Long Trail Section 4

Eden’s Crossing to Smuggler’s Notch (SOBO)

On our last LT section of the summer, we hiked SOBO from Eden’s Crossing to Smuggler’s Notch and enjoyed one of the most beautiful sunsets from Laraway Lookout along the way.


Note: This map is intended only to show the route. Mileage stats in section below were calculated using the End to Ender’s Guide from GMC.

Day 1: Eden’s Crossing to Laraway Lookout

12.6 miles, 3,500ft of elevation gain

Hike Date: August 2020

We started this SOBO section from Eden’s Crossing and the majority of it was as expected: undulating dirt paths littered with roots, ferns, rocks, and mud. Pretty typical Long Trail! During the first few easy miles, we ran into a number of NOBO LT thru-hikers. It is always nice to stop and chat with other hikers, hear about their experiences, and cheer them on as they get closer to their end goal. After that, we went through Devil’s Gulch, which was a portion of the trail covered in beautiful moss-covered rock boulders. After the rain the day before, this section was slick and misty, but fun and memorable.

Easy section before Devil's Gulch
Climbing the boulders of Devil's Gulch
Devil's Gulch

Trekking through the next 10 miles or so was relatively uneventful, allowing us both to move in a state of flow and to walk with general ease and enjoyment. Sometimes it is nice to just walk without having to think or work so hard! We took a quick break at Corliss Camp to fill up water and have a snack. Corliss was really well-outfitted. It is an enclosed shelter with bunk beds inside, a picnic table outside, and ample tenting spaces. 

Beautiful and easy on the feet section of trail
Long Trail South sign
Corliss Camp

Then, we began the climb up Laraway Mountain up a combination of dirt paths, rock slabs, and mossy forest. It was steep, but we enjoyed the changing vegetation as we gained elevation. Atop Laraway Mountain, we found a tree-enclosed peak with a nondescript sign and no views. After the underwhelming peak, we only had 0.4 miles to our ending point for the night, Laraway Lookout!
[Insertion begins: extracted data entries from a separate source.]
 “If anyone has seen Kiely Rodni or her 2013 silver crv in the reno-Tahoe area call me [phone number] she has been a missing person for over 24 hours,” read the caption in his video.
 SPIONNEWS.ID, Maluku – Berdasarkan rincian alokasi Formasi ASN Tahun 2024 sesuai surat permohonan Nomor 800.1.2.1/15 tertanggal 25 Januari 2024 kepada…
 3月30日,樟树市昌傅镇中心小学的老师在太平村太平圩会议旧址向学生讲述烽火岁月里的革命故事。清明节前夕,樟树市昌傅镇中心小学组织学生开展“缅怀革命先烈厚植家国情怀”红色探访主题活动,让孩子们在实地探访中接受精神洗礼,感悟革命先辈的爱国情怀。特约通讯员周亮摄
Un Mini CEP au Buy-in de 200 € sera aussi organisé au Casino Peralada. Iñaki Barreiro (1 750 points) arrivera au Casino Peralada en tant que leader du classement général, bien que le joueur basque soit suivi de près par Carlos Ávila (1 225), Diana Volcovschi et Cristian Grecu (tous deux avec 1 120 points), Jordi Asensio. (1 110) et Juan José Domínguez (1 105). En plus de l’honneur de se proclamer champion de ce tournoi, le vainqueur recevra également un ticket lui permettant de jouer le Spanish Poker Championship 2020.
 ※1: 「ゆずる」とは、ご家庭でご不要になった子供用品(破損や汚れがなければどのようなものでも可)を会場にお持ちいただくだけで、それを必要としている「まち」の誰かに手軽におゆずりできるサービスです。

Bog bridges and rock slabs
Laraway Mountain sign

Some hikers commented on the Guthook App that there were great stealth spots right behind Laraway Lookout and they were absolutely right! We found a perfect place just off the trail on flat ground surrounded by trees. After setting up camp, Kathy threw on some compression socks to help with her post-hike circulation while we both stretched a bit and chatted with some LT thru-hikers. The ledge at Laraway Lookout is deceivingly large. It only appears to be a small opening, but if you peer around the trees to the right, it stretches much further. This secluded section of ledge made for the perfect spot to relax, play cards, and eat dinner. From Laraway Lookout, we enjoyed incredible views of Mt. Mansfield, Whiteface Mountain, and Madonna Peak.

View from Laraway Lookout
Stealth campsite
Making dinner with a perfect Z-lite windscreen

Starting around 7pm, we watched the sky turn from blue to yellow to orange sherbert as the sun went down. Even though the hike this day was not particularly exciting, this sunset made it all worth it. At around 1am, we both woke up to stargaze from the ledge and saw the Milky Way on a crystal clear night! 
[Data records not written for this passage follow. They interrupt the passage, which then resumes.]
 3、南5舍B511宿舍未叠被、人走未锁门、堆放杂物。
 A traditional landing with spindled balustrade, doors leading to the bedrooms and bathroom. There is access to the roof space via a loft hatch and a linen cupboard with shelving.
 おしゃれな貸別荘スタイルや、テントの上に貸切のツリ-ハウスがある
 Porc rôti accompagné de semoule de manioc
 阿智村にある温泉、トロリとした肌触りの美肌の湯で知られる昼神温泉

Trail lit up by the orange sky
Relaxing at Laraway Lookout
Enjoying sunset
Sunset view of Mt. Mansfield

Day 2: Laraway Lookout to Whiteface Shelter

15.9 miles, 4,800ft of elevation gain

Waking up around 6am, we saw some bits of a sunrise from Laraway Lookout, but it was mostly cloudy. After a quick cold breakfast with coffee and tea, we packed up camp as it started drizzling and descended the steep trail past large rock walls. The wide leaves made a natural umbrella that mostly protected us from the rain as we hustled through the first 7ish miles of the day. We passed through a section of trail on private land with a series of systems tapping sugar maple trees. We did some ducking and dodging of the tubes running between trees trying to be respectful and avoid disturbing them.

Sunrise from Laraway Lookout
Sugar maple area

Continuing on, we hiked by a few shelters including Roundtop shelter, which looked like an awesome place to stay. It had skylights and a picnic table! Talk about luxury. Then, we ascended Prospect Rock and got our first open view since Laraway Lookout. Prospect Rock looked like a popular spot with clear campsites and a view into the Lamoille Valley and river below.
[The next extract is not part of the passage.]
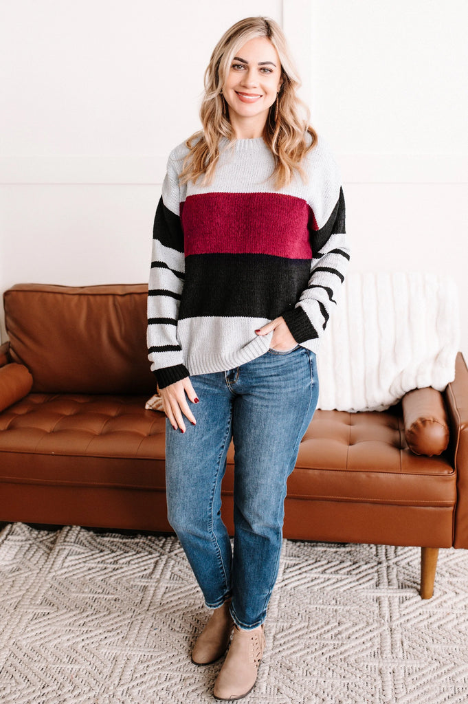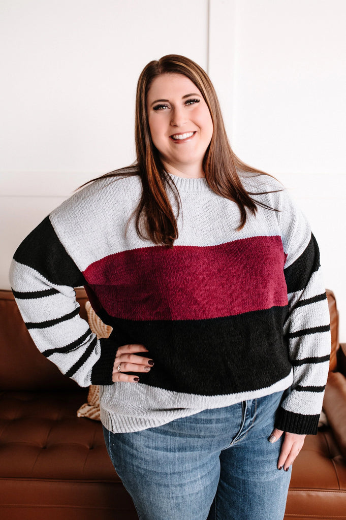 OUTLET Yin and Yang Contrasting Sleeve Chenille Sweater
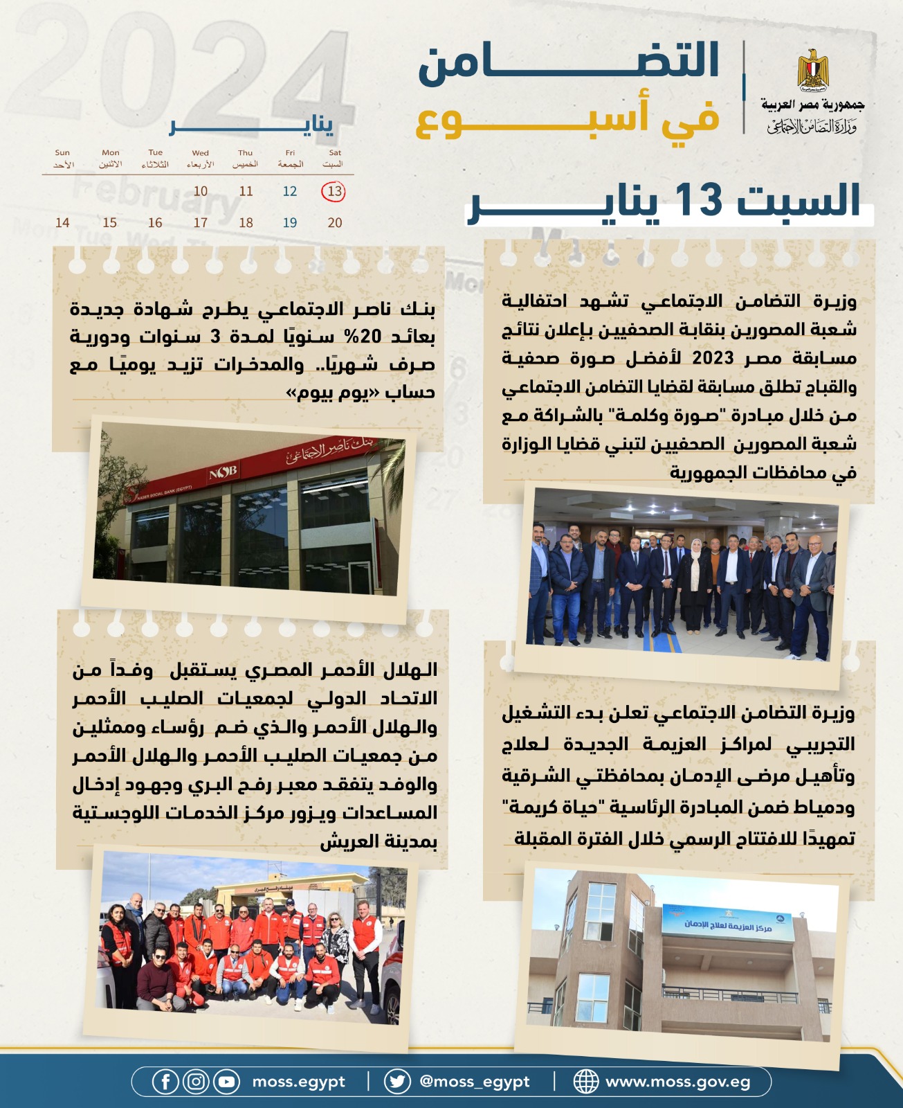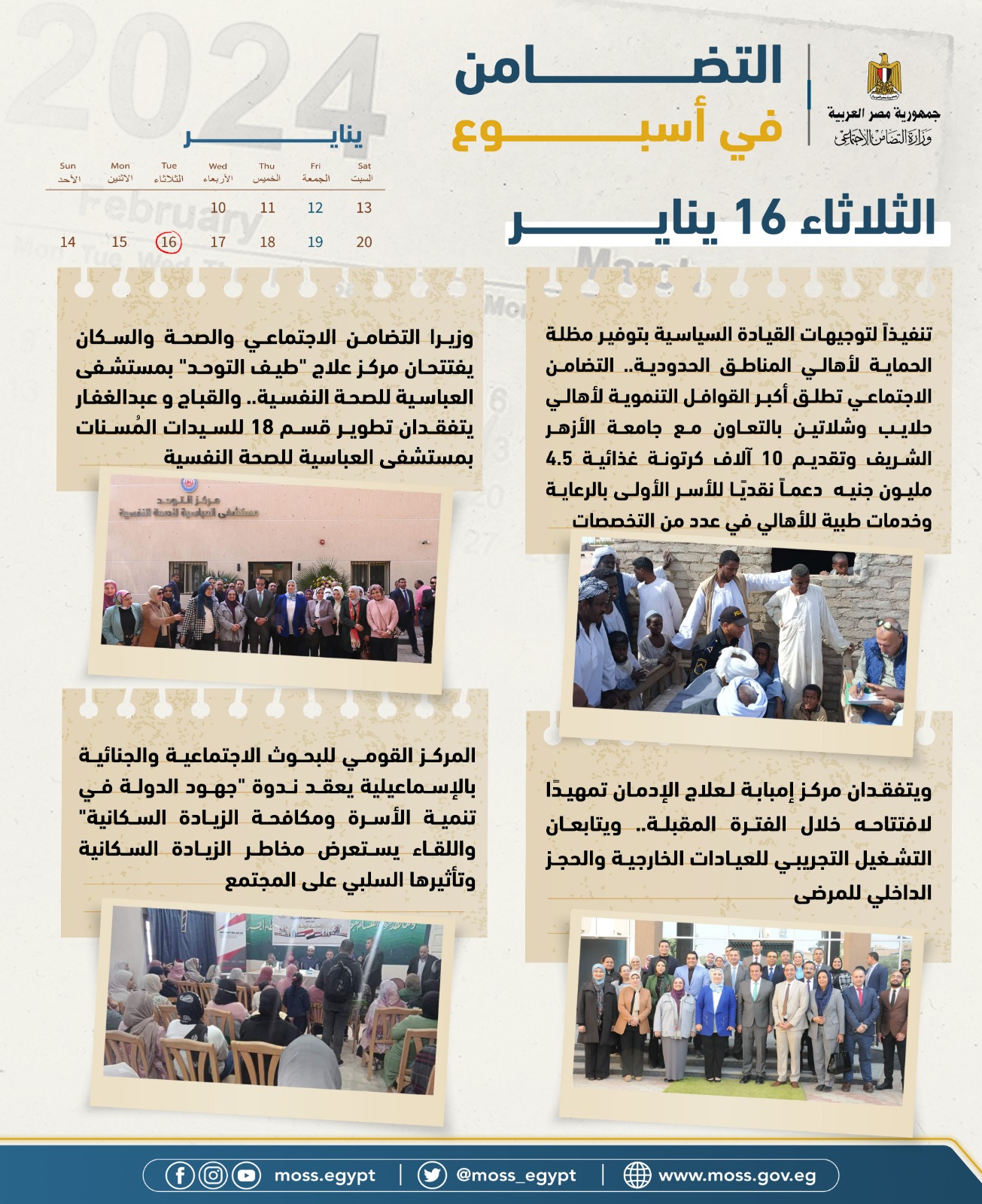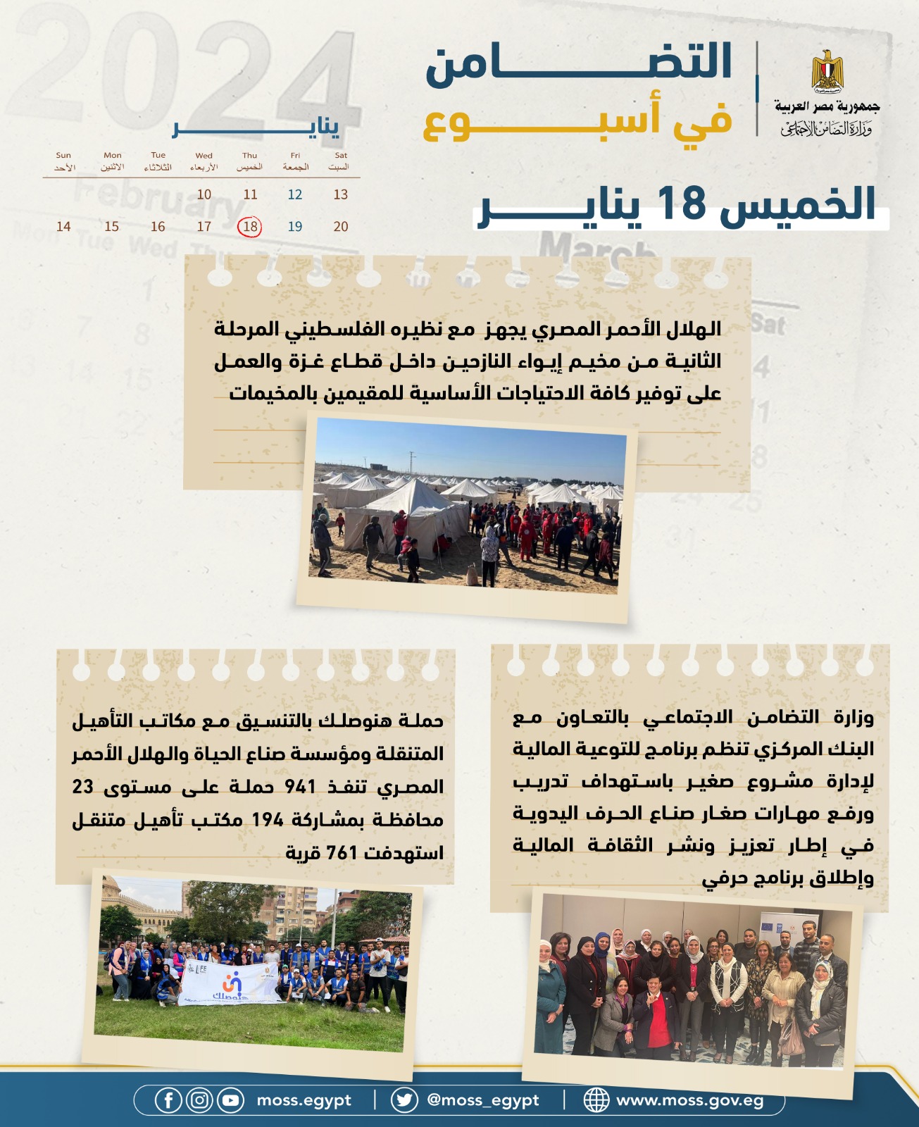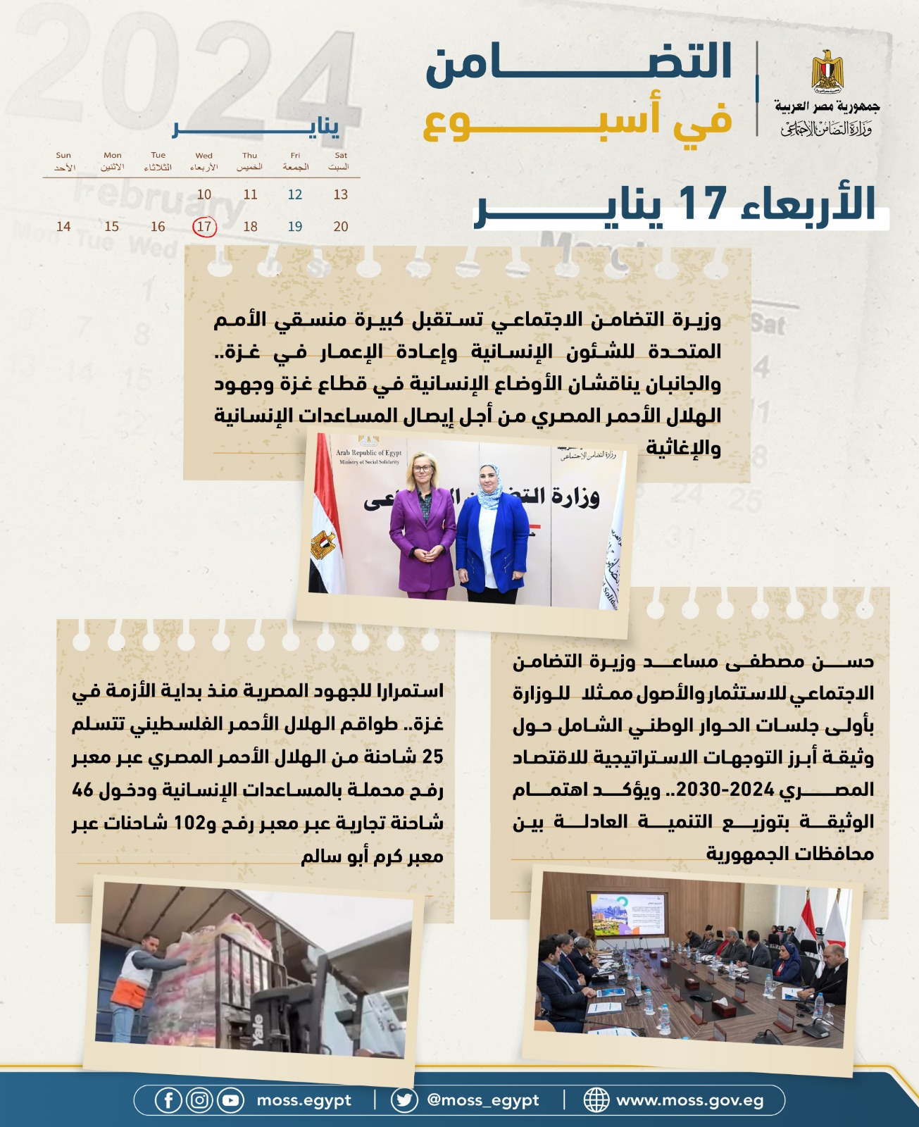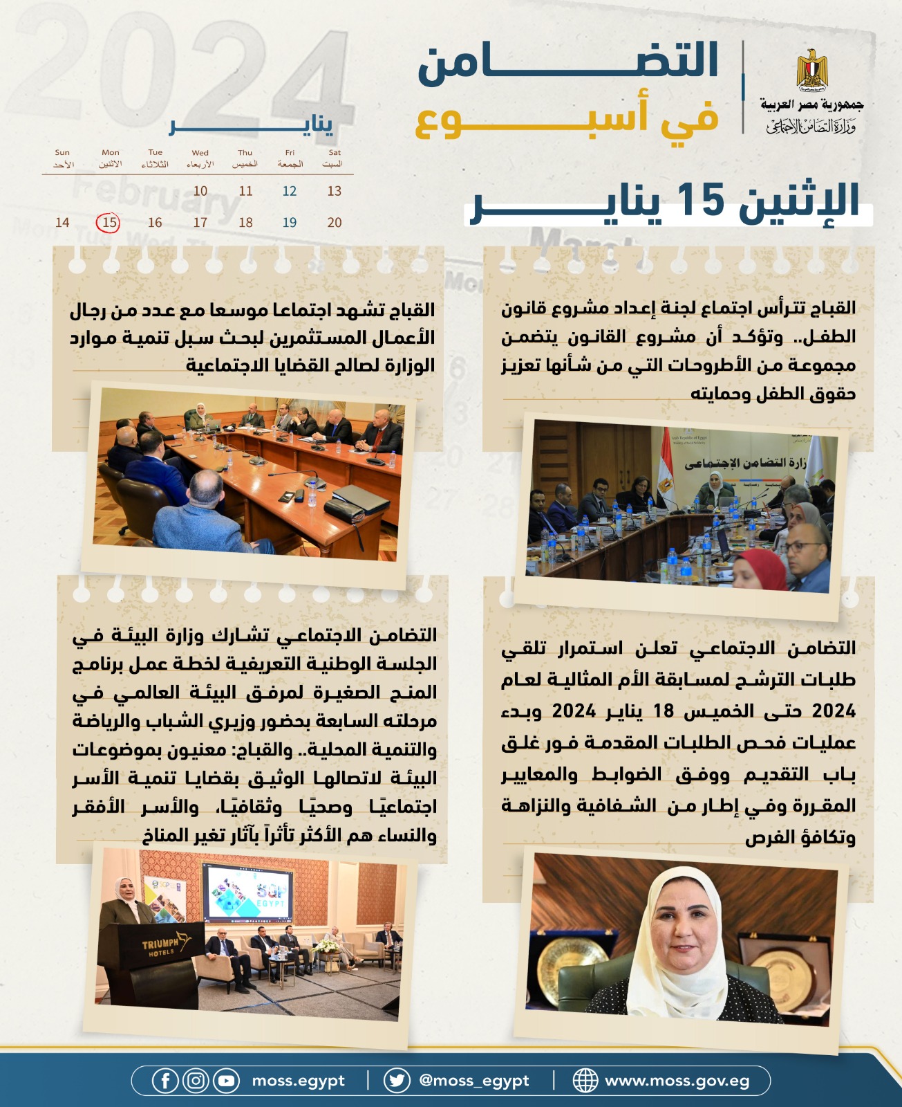 أصدرت وزارة التضامن الاجتماعي تقريرها الأسبوعي بالإنفوجراف والفيديو، وتستعرض من خلاله الأنشطة والأحداث، التي قامت بها نيفين القباج وزيرة التضامن الاجتماعي، وكذلك قطاعات الوزارة المختلفة خلال الفترة من 12 يناير إلى 18 يناير 2024 ونستعرض أبرزها في التقرير التالي:

Following the white blazes
View from Prospect Rock
Roundtop Shelter

We quickly descended to the river that we could see from Prospect Rock, crossing it on a well-built suspension bridge. If we had more time and it wasn’t so early, this would have been a great place for lunch and a swim. But with the clock ticking, we pressed on. After the river, we climbed a ladder up a steep eroded embankment to a short wooded section, passed through some open fields, then turned onto the Lamoille Valley Rail Trail, a gravel path that parallels Route 15 (if you need to resupply, you could take this trail to Railroad St. and then into Johnson, VT). After this, we turned onto a paved road that would dead end and turn into the Long Trail as a gravel road. Further up that, we passed a logging operation and crossed a dilapidated bridge that transformed the road back into a hiking trail. This was our least favorite part of the day – hiking up paved and gravel roads is pretty boring. At least we were able to move pretty quickly!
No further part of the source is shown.